Michael: And so what I did was, well, Brown, Worcester, Polytech, Brandeis, UMass Boston, all had database presence. So we formed a multi campus research group in effect and that allowed us to get going. But figure out how you can get a research group off the ground.

And if you're in industry, my point of view is go work for a startup. There's absolutely no downside to doing that because if you fail, you can just go get another job and you'll get much better experience than if you work for one of the big boys.
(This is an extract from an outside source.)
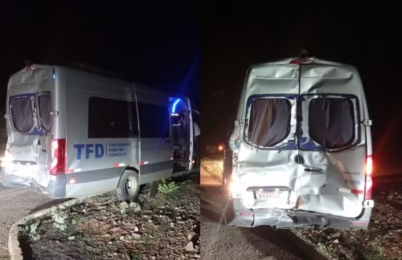 Uma van com 19 passageiros foi atingida por um caminhão na noite de terça-feira (10/02) na BR-407, na zona rural de Jaicós (PI). Duas pessoas tiveram ferimentos leves. Segundo a prefeitura da cidade, o veículo transportava pacientes e acompanhantes a Teresina para fazer tratamento fora do domicílio.

And I think the only counterexample to that is the big web platforms have all the data and they don't share it with anybody. And so if you need to do cloud oriented research, you pretty much have to work for one of the big boys. I don't see how to get the data any other way.

CL: Yeah, thank you for sharing the wisdom. I think this is clearly the thing to pick the important thing, prioritize, execute, regardless of the field. Right? So thank you for sharing that.

Michael: Sure.

CL: One thing I want to ask before we go into the lightning round is that, well, you are like 82 and still starting companies, publishing papers and then fighting with incumbents. What keep you going? What's kind of the motivation for you?
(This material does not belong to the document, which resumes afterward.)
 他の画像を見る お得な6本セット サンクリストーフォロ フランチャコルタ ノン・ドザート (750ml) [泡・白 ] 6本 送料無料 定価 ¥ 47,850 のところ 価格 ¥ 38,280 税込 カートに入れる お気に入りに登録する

Michael: I would be bored to tears otherwise. I'm always expecting to run out of ideas and become irrelevant. And when that happens, I hope I have the good sense to vanish into the sunset like a lot of people my age have done.

But until that time, I like what I'm doing, I'm having fun, and I don't really have any interest in spending my life on the golf course. And hanging around MIT, it has some of the smartest people on the planet and they really keep you on your toes, which I really like. So I can't imagine going off to a gated community in Florida or any such thing.

CL: Yeah, and then, well, the ideas keep flowing and then you keep having new ideas and then keep doing it.

Michael: So far.

CL: So, before we wrap, we're going to put you in the Data Debug round. so, very quick fire question, short answers. Are you ready?

Michael: Sure.

CL: Okay, first programming language you loved or hated.

Michael: Fortran.

CL: Love or hate? Haha.

Michael: I loved it. I mean, the first language I ever learned was Fortran. And of course Luddites, you know, like the first thing they learned.

CL: What is your go to data set if you're testing for something?

Michael: The dirty secret, which will be told to you by most of my colleagues is I don't really code, so the answer is, "not applicable."

CL: Okay, so depending on what their go to data sets are.

Michael: I mean I think the answer is there are 10 startups who I know people at, and depending on what I'm interested in, I get them to test out whatever I want to know.

CL: Right.

Michael: And also I get students to do it too.

CL: Right. And then you don't dictate what data set they use?

Michael: No.

CL: What's one lesson outside of tech that influences how you build and work?

Michael:

Simplicity is the answer. It's always the answer. Anything that's complicated is unlikely to be a good idea.

CL: Wow, that's real wisdom there. Okay, what's your favorite podcast or book that is not about tech or data or anything in our field?

Michael: well, there's a lady named Heather Cox Richardson. I don't know if you know her. She's a professor at Boston College and writes a political historical commentary that I really enjoy a lot. So I read her religiously.

I think I read Apple News religiously. I read pieces of the New York Times. I keep up on current affairs. I read some technical blogs these days on agentic AI mostly.

CL: Thank you for sharing. Well, that's all we have today. Thank you so much, Mike, again, for being here on the podcast.

Michael: Sure, CL. Thanks for all the interesting questions.